With this post I hope to give some context for – if not a definition of – meta-relationality, since it has come up a few times in earlier blog posts of mine and will show up again in future posts (including my next one). I find it a deep and truly fascinating term.
I think of meta-relationality as part of a landscape of ideas that help me explore the dynamics of complexity and complex living systems. Complex systems and situations seem to involve virtually infinite co-evolving relationships and contexts, interdependencies and histories, resonances and disturbances. The closer we look, the more everything seems to be involved with everything else, in so many ways, through time, space, causation, meaning, partnerships and more.

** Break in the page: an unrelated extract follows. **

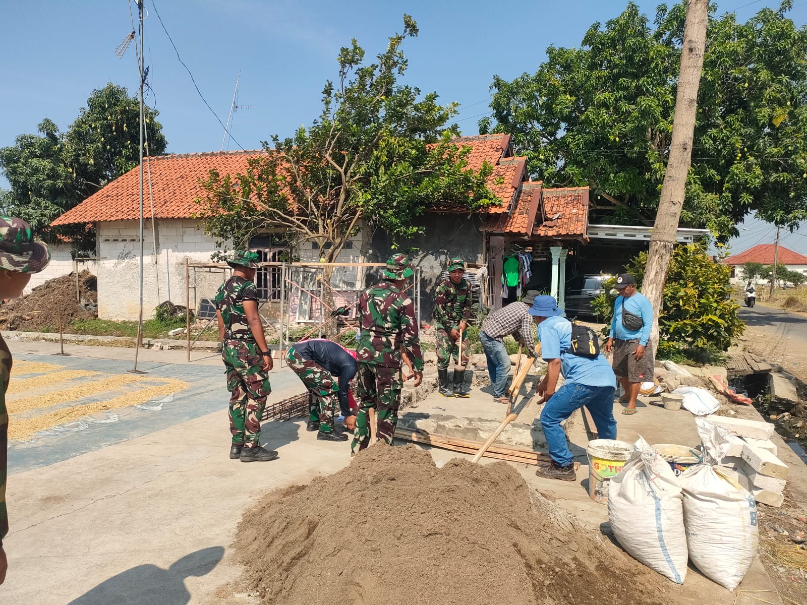 Indramayu – Dalam rangka mendukung program TNI Manunggal Membangun Desa (TMMD) ke-126, Sertu Naviga bersama dua orang Anggota Satgas TMMD melaksanakan pembangunan Pos Keamanan Lingkungan (Poskamling) di Desa Longok, Kecamatan Sliyeg, Kabupaten Indramayu, Rabu (09/10/2025).

The meta-relationality paradigm invites us to consider the presence of all that in our relations with whoever and whatever we encounter. It reminds us that what we see is accompanied by a fabric of stories, kinships, assumptions, longings and response patterns which await our respectful curiosity and exploration as we evolve towards greater understanding. Relationship grows and thrives as relationality is acknowledged and lived into. Wholesome realities blossom as we assume and pursue their true textures and aliveness.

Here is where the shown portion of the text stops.